Tuncer Bakırhan: İmralı'daki tutanaklar kamuoyu ile paylaşılmalı

Partisinin grup toplantısında konuşan DEM Parti Eş Genel Başkanı Tuncer Bakırhan, İmralı'daki görüşme tutanaklarının kamuoyu ile paylaşılması gerektiğini kaydederek, "Tüm partileri bu sürece sahici katkı sunmaya çağırıyorum" dedi.

YAYINLAMA
GÜNCELLEME
Tuncer Bakırhan: İmralı'daki tutanaklar kamuoyu ile paylaşılmalı

DEM Parti Eş Genel Başkanı Tuncer Bakırhan, partisinin TBMM grup toplantısında açıklamalarda bulundu.

Milli Dayanışma, Kardeşlik ve Demokrasi Komisyonu'nun İmralı ziyaretine ilişkin konuşan Bakırhan, "Heyet İmralı adasına gidince kıyamet mi koptu? Oraya gidiş barış yolunda önemli bir eşiği aştı. 4 Aralık'ta komisyon yeniden toplanacak ve heyet görüşme tutanağını paylaşacak" dedi.

Bakırhan, İmralı'daki görüşme tutanaklarının kamuoyu ile paylaşılması gerektiğini kaydederek, "Söz değil artık pratik adımların zamanıdır. Şimdi sorumluluk Meclis'te. Tüm partileri bu sürece sahici katkı sunmaya çağırıyorum" ifadelerini kullandı.

Özgür Özel'e tepki

CHP Genel Başkanı Özgür Özel'e yönelik eleştirilerde bulunan Bakırhan, "Biz Meclis’te barış için yasa konuşurken, sokaklarda barışı toplumsallaştırırken, siz kürsüden neden bir halkı aşağılayıcı sözler kullanıyorsunuz Sayın Özgür Özel?" diye sordu.

CHP'nin partilerine bazı ithamlarda bulunduğunu savunan Bakırhan, "Sayın Özel bize 'celladınıza aşık olmayın' diyor. Halkımız barış içinde eşit ve özgür yaşamak istiyor.
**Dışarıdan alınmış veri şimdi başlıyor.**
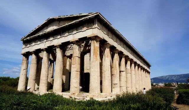 赫菲斯托斯神庙是希腊保存最好的古建筑物之一,里面供奉的是火与铸造之神赫菲斯托斯。神殿有34根圆柱子,屋顶周围雕刻有“赫拉克勒斯十二伟绩”中的九个故事,它的大名也许大家不熟悉,不过她老婆可是大大有名,就是那位断胳膊的维纳斯。大概因为火神是个跛子的原因,雅典残奥会的圣火就是在这里点燃的。
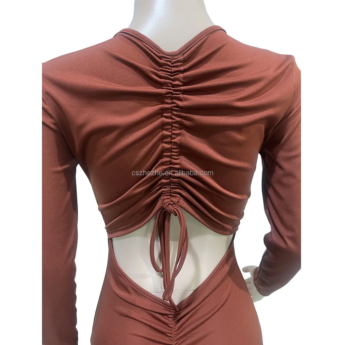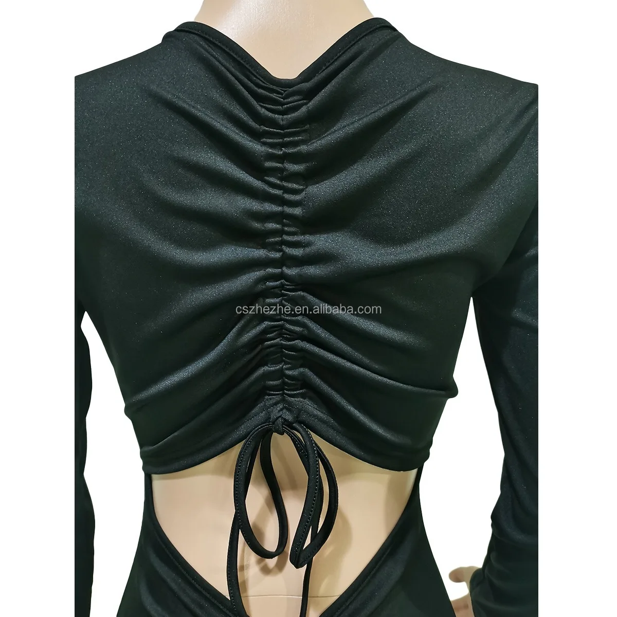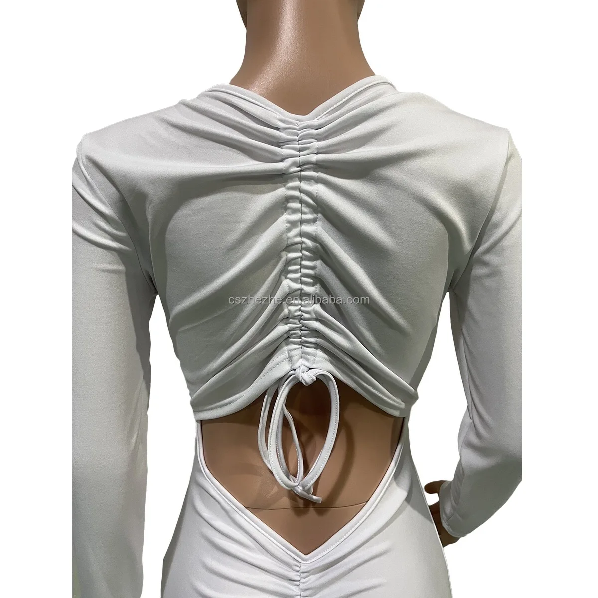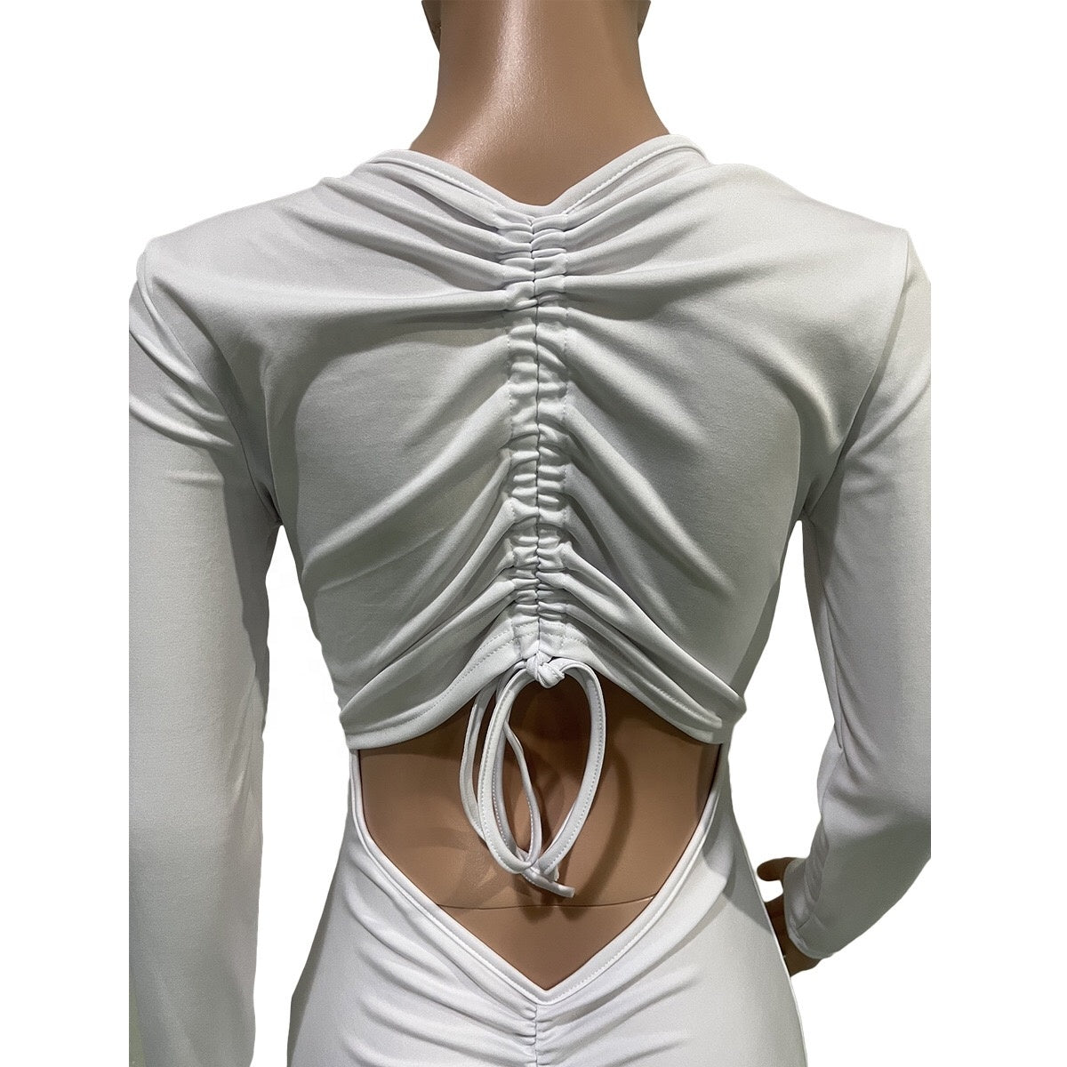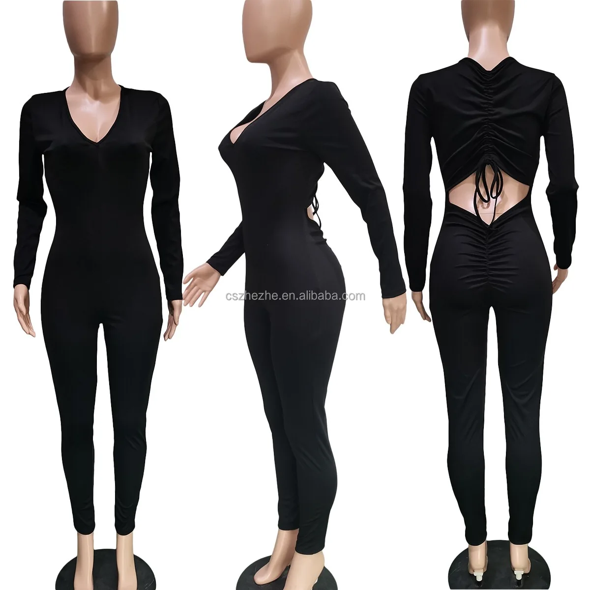 High quality solid color long sleeve bodycon jumpsuits ruched backless one piece rompers jumpsuits elegant for women

Biz celladı çok iyi tanırız. Cellatları mezarlıklarımızdan, faili meçhullerimizden, direndiğimiz zindanlarımızdan çok iyi biliyoruz. Kimse bu hafızanın üzerine ucuz metaforlarla yaklaşmasın. Cellat defterini açacaksak hepiniz borçlu çıkarsınız. Bu sorunun çözümünün karşısındaysanız sözünüzü açık söyleyin" ifadelerini kullandı.

Bakırhan, özetle şu ifadeleri kullandı:

"Barış kapısı açıldığında eşikte durmak siyaset değildir. Biz bu kapıdan tüm Türkiye halklarının geçmesini, kimsenin geride kalmamasını istiyoruz.

Kürt meselesi yalnızca Kürtlerin değil, 86 milyonun sorumluluğudur; çözüm de birlikte üretilmelidir. Yüzyıllık acılar ancak geniş bir toplumsal mutabakatla, tüm renklerin yer aldığı ortak akılla çözülebilir.

Bu süreç bizler açısından hiçbir partiye angaje olmak değildir; ülkenin yüz yıllık meselesine çözüm arıyoruz.

Bizim hattımız üçüncü yoldur: Ne başkalarının vagonu oluruz ne de çözümü erteleyenleri makul görürüz. Yolumuza ortak paydaları büyüterek, yapıcı dili koruyarak ve kararlılıkla devam edeceğiz. Ve sonunda hep birlikte barışa ulaşacağız.

Biz ortak paydaları büyütmeye çalışırken ana muhalefet partisinin lideri, partimize ve tabanımıza bazı ithamlarda bulunuyor.

Öyle anlaşılıyor ki Sayın Özel, kurultay kürsüsünden bize 'Stockholm sendromu' teşhisi koyuyor, “Celladına aşık olmayın” diyor.

Biz de soruyoruz: Biz Meclis’te barış için yasa konuşurken, sokaklarda barışı toplumsallaştırırken, siz kürsüden neden bir halkı aşağılayıcı sözler kullanıyorsunuz?"